Double Bind edited by Robin Room
This is a collection of essays on ambition, by women with a metric shitton of it. This is about women in the work-world addressing the stigma of a woman with ambition. Read the sleeve, and you will read the book. As a man, I think I speak for all men when I say that women with ambition are intimidating and scary and they really need to cut that out.
Rest: Why You Get More Done When You Work Less by Alex Soojung-Kim Pang
Uh oh, looks like the unions are at it again, trying to convince us that working less is actually more productive than working more? Preposterous! Seems like the kind of book you’d want to avoid if you don’t want to be even more bitter than usual at your employment situation.
Hey look how far we’ve come! The former and latter lists are exploring markedly different issues and we’ve accomplished a distant dream even the workers who gave us Labor Day couldn’t have imagined.

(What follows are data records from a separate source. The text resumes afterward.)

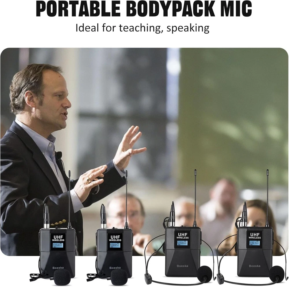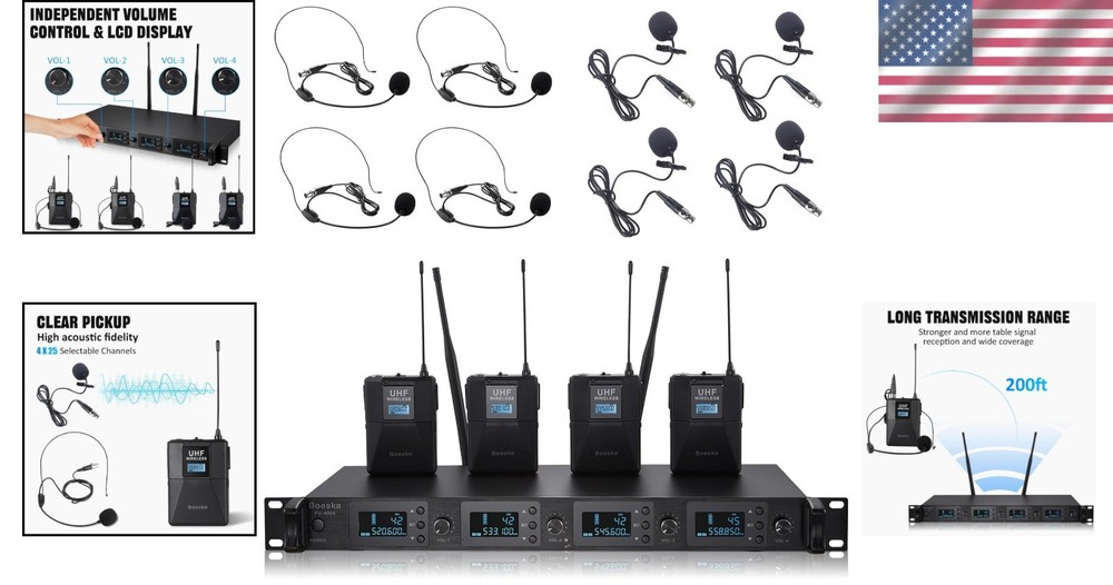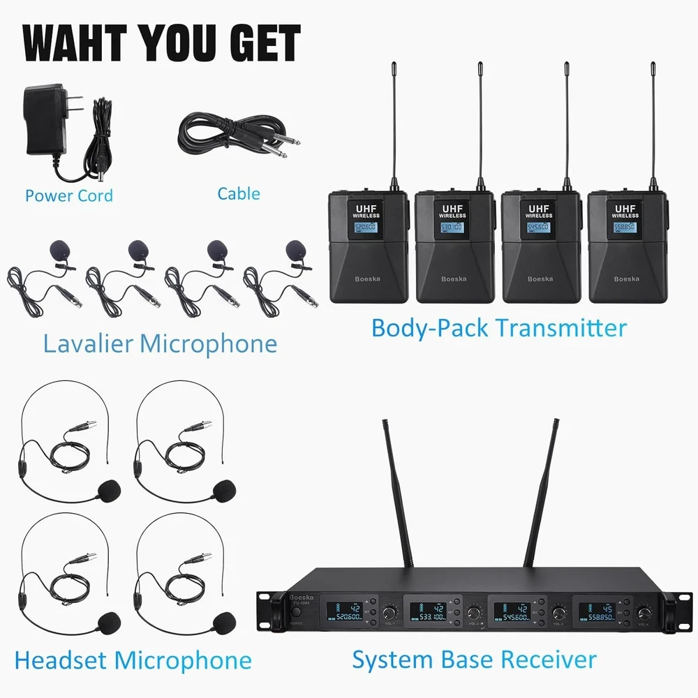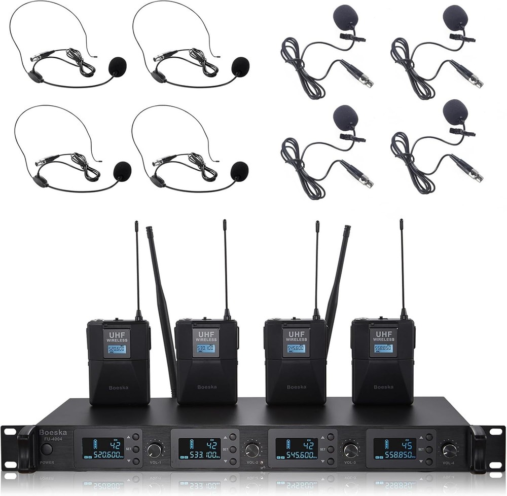 Professional 4-Channel UHF Wireless Microphone System for Weddings & Conferences ‹ › ‹ › ‹ › ‹ › ‹ › ‹ › ‹ › ‹ › ‹ › Professional 4-Channel UHF Wireless Microphone System Perfect for Weddings & Conferences Key Features: FOUR CHANNELS DESIGN: Connect up to four microphones simultaneously with individual volume control for each. Enjoy selectable frequency bands from 510 to 560 Mhz with 25 adjustable channels for a tailored audio experience. DIVERSIFIED SOUND ADJUSTMENT: Separate volume control knobs for each mic allow you to create the perfect sound profile for any occasion, whether you're after an energetic delivery or a soft tone. UHF AUDIO TRANSMISSION: Experience exceptional audio performance with a high signal-to-noise ratio. Our UHF wireless design prevents crosstalk, ensuring a clear and stable transmission within a working distance of up to 200 ft. WIDE APPLICATIONS: Freedom of movement is guaranteed with our versatile microphone headset system, suitable for large parties, DJ events, churches, weddings, conferences, lectures, classes, and outdoor activities. What You Get: 1 * Receiver 4 * Wireless Headset Microphones 4 * Wireless Lavalier Microphones 4 * Bodypack Transmitters 1 * Power Adapter 1 * User Manual Please note: Batteries are NOT included. Should you have any inquiries or encounter issues, feel free to reach out for assistance! Why Choose Our Professional Microphone System? Elevate your audio experience with our 4-Channel UHF Wireless Microphone System. This state-of-the-art setup brings unparalleled versatility and quality to your events, allowing you to tailor the sound to your unique needs. Perfect for those significant moments in life, be it weddings or professional conferences, this microphone system ensures every word is crystal clear. Don't settle for anything less than excellence. Order your Professional 4-Channel UHF Wireless Microphone System today and captivate your audience with flawless sound! Shipping Free & Fast Shipping - We offer free shipping to most of the USA with a normal delivery time of 3-10 businessdays. However, due to various situations, additional delivery time (up to 3 weeks) may be required for some items. Alternative Carriers - We may use alternative carriers (e.g. USPS, FedEx, UPS, etc.) to ensure your package arrives safely and on time. Due to the use of multiple carriers, we are unable to provide a tracking number automatically. Handling Time - Orders are processed and shipped within 1-5 business days of receiving cleared payment. Shipping Restrictions - Shipping to Alaska, Hawaii, Puerto Rico, Guam, and other US territories may incur shipping charges or delivery restrictions. Please contact us before ordering, or your order can be refunded/cancelled. State Restrictions - There may be restrictions based on your state of purchase. For example, certain items may not be shipped to California due to state regulations. Contact for Tracking Updates - If you require tracking updates or have any concerns about the delivery of your order, please feel free to contact us, and we will be happy to assist you. Return Please see our ebay return policy. We do not accept return on most products. This is to avoid customers mis-using ebay returns. All sales are final. Please be sure to check the return policy listed at the top of the listing. In rare cases, we may accept returns, if the buyer pays both ways shipping and 20% restocking fee. If you are un-sure of return policy of a particular item, please ask before buying. Payment We accept all major credit cards, PayPal, and Apple Pay for your convenience. Your payment information is secure and encrypted to ensure a safe and seamless transaction. Please complete your payment within 3 days of purchase to avoid any delays in shipping. Feedback Your feedback is extremely important to us. We strive to provide the best products and customer service possible. If you are satisfied with your purchase, please take a moment to leave us a positive review. If you have any concerns or issues with your order, please contact us before leaving negative feedback. We are committed to resolving any problems and ensuring your satisfaction. Contact Us If you have any questions or concerns, please feel free to reach out to our customer support team. You can contact us through the eBay messaging system. We are available Monday to Friday, 9:00 am to 5:00 pm EST, and we will do our best to respond to your inquiry within 24 hours. Buy it now and enjoy a pleasant shopping experience! UPC: Not Set Maximum SPL: 96 dB Unit Quantity: 4 Item Weight: 8.88 pounds Connectivity: Wireless,XLR Features: Adjustable Gain,Adjustable Volume Control,Battery Indicator Light,Omnidirectional Microphones,UHF Audio Transmission,4 Channel Design,Diverse Sound Adjustment,Separate Volume Control Knobs,Event Versatility,High Signal to Noise Ratio,Stable Signal Transmission Compatible Model: Karaoke Machine Brand: Unbranded Form Factor: Microphone System Model: Not Set MPN: Not Set Diaphragm Size: Medium Suitable For: Live Performance Transducer Type: Dynamic Mount Type: None Manufacturer Warranty: Not Set Polar Pattern: Omnidirectional Compatible Brand: Not Set Color: Black
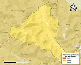 Le retrait-gonflement des sols argileux est susceptible d'engendrer des dommages importants aux bâtiments en cas d’alternance de périodes de sécheresse et de pluie[27]. 99,5 % de la superficie communale est en aléa moyen ou fort (59 % au niveau départemental et 48,5 % au niveau national)[Carte 3]. Depuis le , en application de la loi ELAN, différentes contraintes s'imposent aux vendeurs, maîtres d'ouvrages ou constructeurs de biens situés dans une zone classée en aléa moyen ou fort[Note 5],[28].
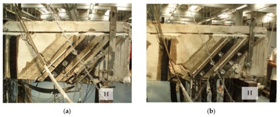 The beam DB2-R behaved similarly to DB1-R (Figure 7a,b): shear failure started near the H hinge support with a first wide diagonal crack at about a quarter of the beam span and a second diagonal crack near the H support (Figure 8b). The shear failure of DB2-R occurred at about the same load value measured for the beam DB1-R, but the failure mode was different because the anchorages of the new bottom longitudinal rebars were extended over the supports of the beam DB2-R. This longer rebar anchorage anchored better the new rebars with respect to the one in the beam DB1-R. The new bottom reinforcement gave a better contribution to resist the force due to the shear at support and therefore the shear cracks moved toward the beam midspan (the crack located at about a quarter of the beam span from the support H).
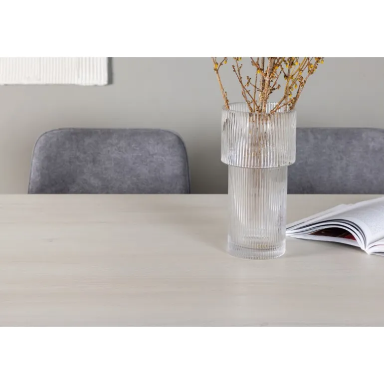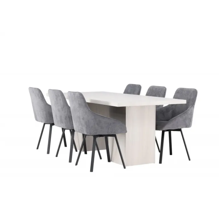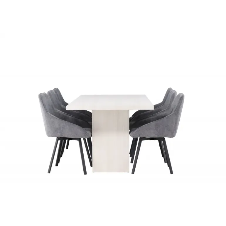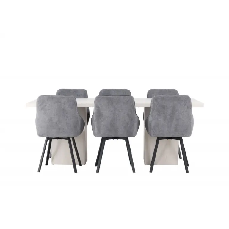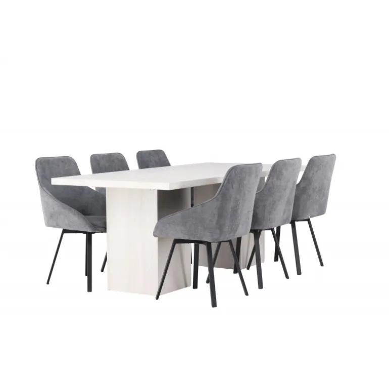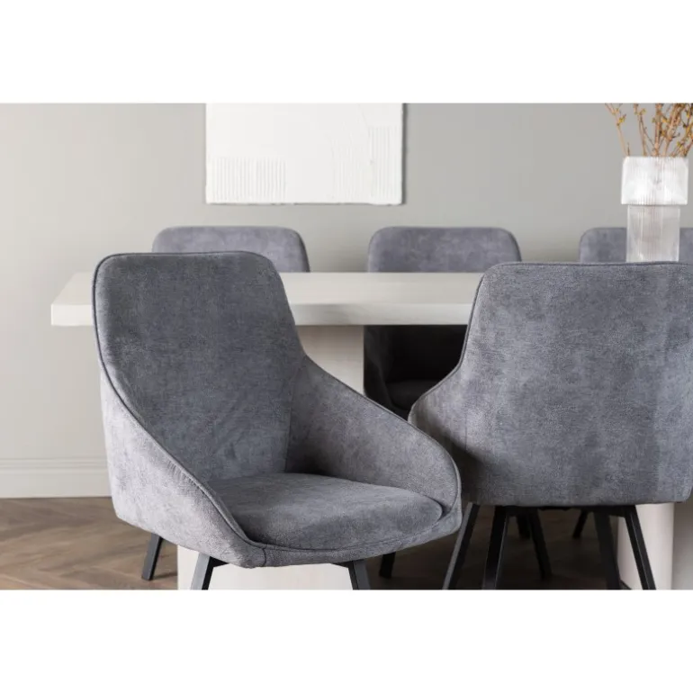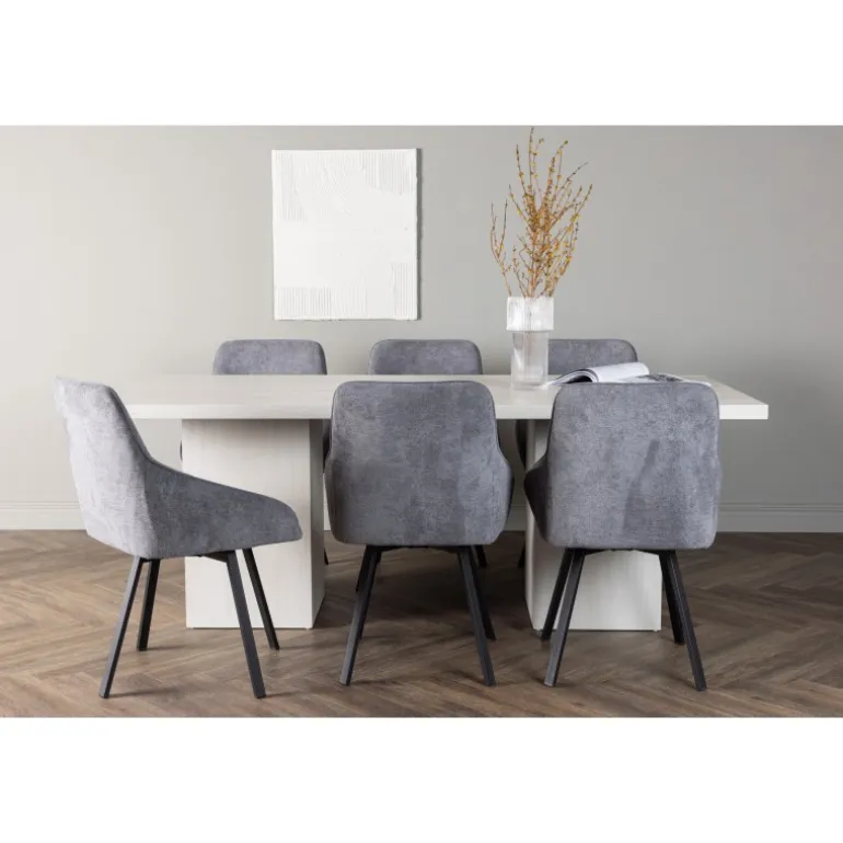 Skab tidløs elegance med dette robuste rustikke Spisebordssæt – en skandinavisk indretningsdrøm til dit hjem! Vores hvidvaskede spisebord Olga har en glat finish og et solidt design. Bordpladen, lavet af hvidvasket MDF, giver en jævn overflade, mens de to solide, blokformede bordben i samme materiale sikrer stabilitet og holdbarhed. Bordets dimensioner: 200×75 cm. Her, i perfekt kombination, er vores grå spisestole fra Rosie-serien. Stolens skandinaviske design er en fryd for øjet med en fuldt polstret sæde og integrerede armlæn i grå stof. De sorte metalben på stolen har en let udadgående bue, hvilket skaber en luftig følelse i din indretning. Det polstrede sæde tilbyder vidunderlig komfort, så du kan nyde hvert øjeblik af dit måltid. Dette er den perfekte kombination af stil og komfort til dit hjem. Indret med tidløse trends og lad den tid, du tilbringer her med dine kære, blive dagens højdepunkt!
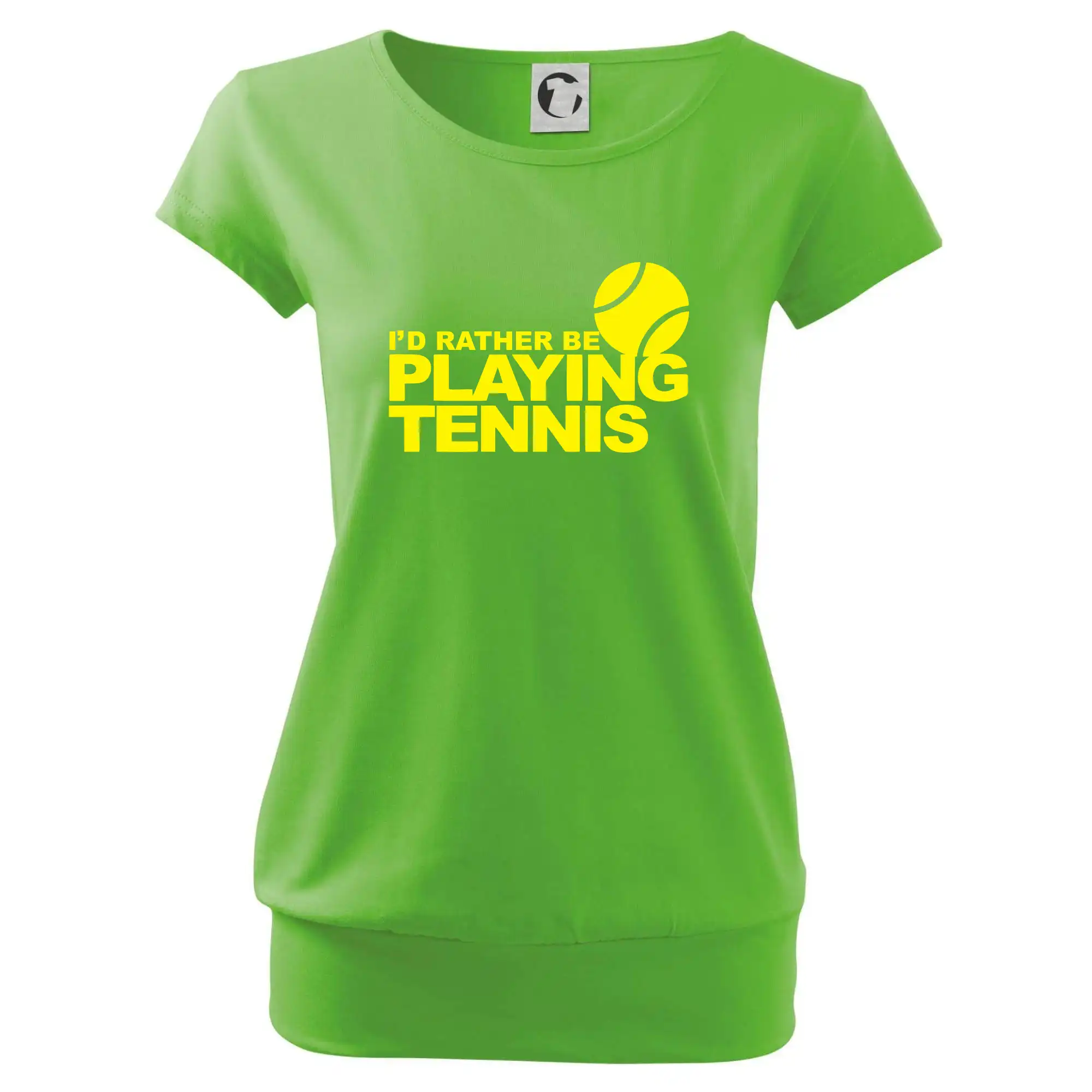 Trendové dámské triko s velmi krátkým rukávem, volnějšího střihu, v dolním kraji všité do širokého lemu. Kulatý průkrčník s úzkým lemem ze shodného materiálu.
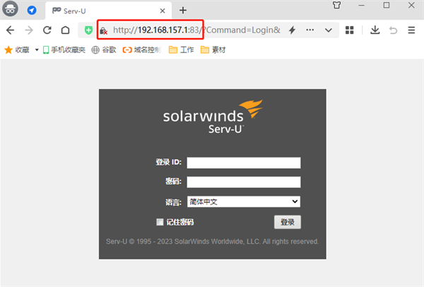 由于我们之前设置的Serv-U地址为本地地址(127.0.0.1),因此这里我们需要在浏览器中输入本地电脑的IP地址加端口号,具体格式为http://192.168.X.X:之前设置的端口号。在这个例子中,Serv-U访问地址为(http://192.168.157.1:83)。
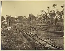 The station was built in 1877, two years before the line from Gympie to Maryborough was completed. It consisted of a station building and a platform, and two sidings running parallel to the main North Coast line.[2][3] After the station closed, the building was moved to Mayne Street and restored as a tourist information centre. Some of the siding platforms still exist, however the station platform has been removed.
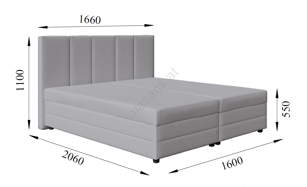 • Gepolstertes Doppelbett mit Federkernmatratzen und hohem, geradem, elegantem Kopfteil.
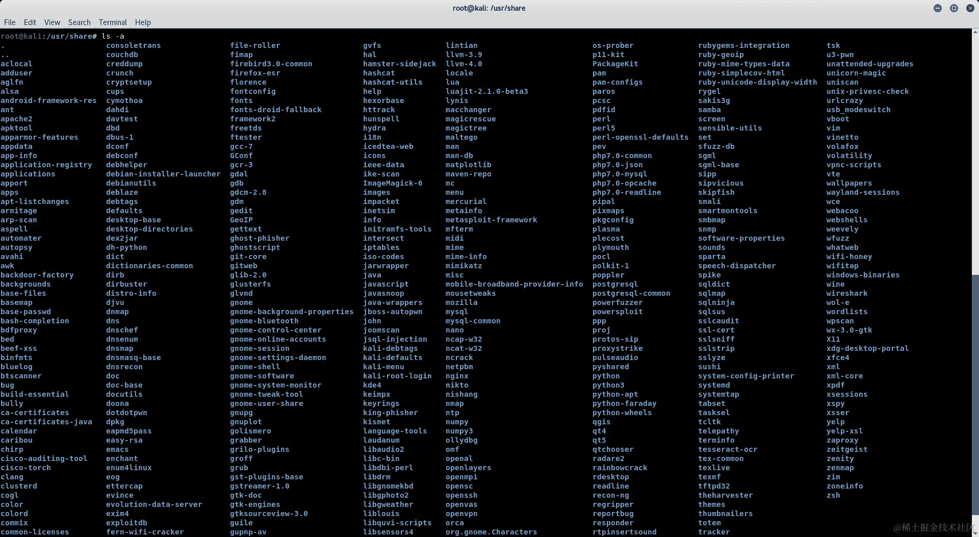 Kali Linux 配备了大量有用的工具和实用程序。有时,我们需要对这些工具和实用程序的配置文件进行更改。所有工具和实用程序都位于 /usr/bin 文件夹中,如下截图所示:

Haha no. Sober up, friend.
Evicted by Matthew Desmond
From the back of the book: “Matthew Desmond follows eight families in Milwaukee as they each struggle to keep a roof over their heads.”
Weird, I thought poor people were only poor because they were lazy? What does eviction mean for a family that’s already struggling to make rent? How do you pull yourself up by the bootstraps if you don’t have any bootstraps? Do NOT read this book if you’re uncomfortable facing the reality that American values are often only skin-deep, and definitely don’t read it if you don’t want to become an overnight activist.
It’s Labor Day 2017, and we can appreciate how far we’ve come, but we also need to recognize there is still so much more work to do. And we’re just getting started, right?